Johnson's recorded legacy supposedly refers to his deal with the devil in "Crossroads Blues", "Me and the Devil Blues" and "Hellhounds On My Trail".
A more likely explanation for Johnson's tremendous guitar prowess was probably a magical ritual known as "practice" as well as help from a guitar tutor, one Ike Zinneman (an unrecorded bluesman known for practicing in the local cemetery, sitting on gravestones). But the sold his soul legend persists to this day.
Part II: The Satanic 60's
When rock 'n' roll appeared in the 1950's, and its effect on teens became known, it was only natural that it would be derided as the Devil's music as well. It was also attacked as decadent, dangerous, immoral, obscene, and even part of a Communist think tank's psych-op assault on the West. Rock music was one of the first cultural movements in America that was somewhat colorblind as well; white musicians covered black songwriters, black musicians covered white ones. White kids bought records by black musicians, which alarmed fundamentalist, segregationist elements in society. Many forces aligned in the late 50's to end the menace before it could get out of hand. So Elvis was drafted, Chuck Berry arrested, Jerry Lee Lewis blackballed. Eddie Cochrane and Buddy Holly were killed in accidents, Little Richard became a preacher. By the early 60's, rock was, for all intents and purposes, dead. Gone with it were the hip shaking, dancing, shaking, and partying the Devil commanded.
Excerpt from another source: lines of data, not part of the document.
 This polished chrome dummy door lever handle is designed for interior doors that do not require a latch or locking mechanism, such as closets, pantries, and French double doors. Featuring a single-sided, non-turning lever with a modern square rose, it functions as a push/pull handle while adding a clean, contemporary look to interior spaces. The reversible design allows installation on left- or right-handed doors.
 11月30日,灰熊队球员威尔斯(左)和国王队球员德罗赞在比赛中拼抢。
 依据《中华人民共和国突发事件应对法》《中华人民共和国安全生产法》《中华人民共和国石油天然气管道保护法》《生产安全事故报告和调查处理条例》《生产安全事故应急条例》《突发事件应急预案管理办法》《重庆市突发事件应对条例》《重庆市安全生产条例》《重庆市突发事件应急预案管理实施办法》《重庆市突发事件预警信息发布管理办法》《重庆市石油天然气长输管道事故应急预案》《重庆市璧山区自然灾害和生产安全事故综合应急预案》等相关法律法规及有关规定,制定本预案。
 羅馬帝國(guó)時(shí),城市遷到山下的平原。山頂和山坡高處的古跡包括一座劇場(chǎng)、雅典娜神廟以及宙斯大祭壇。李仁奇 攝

It was a short-lived victory for the legions of decency. The Beatles rolled into town in 1964, and worse, so did the Rolling Stones and Animals. The British Invasion was also greeted with accusations of communist plot and devil's music, but it was too big to stop. Also too big was the demographic who listened to it, the first Baby Boomers to reach adulthood. The enormous demographic swing of the 1960's saw an unprecedented number of young people reach prime record buying age.
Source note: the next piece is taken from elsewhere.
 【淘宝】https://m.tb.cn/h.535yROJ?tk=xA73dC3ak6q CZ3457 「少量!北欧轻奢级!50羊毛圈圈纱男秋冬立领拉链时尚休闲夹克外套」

The 60's were a time of reckless experimentation and fads. Drugs became a significant component of white suburban life for the very first time, as youth experimented with pot and LSD. The drug experience, coupled with a new political awareness thanks largely to the Vietnam War and the Civil Rights movement, helped create a new underground youth movement, which popularly came to be known as the counterculture, egged on by the Turn On, Tune In, Drop Out and Never Trust Anyone Over Thirty philosophies of the day.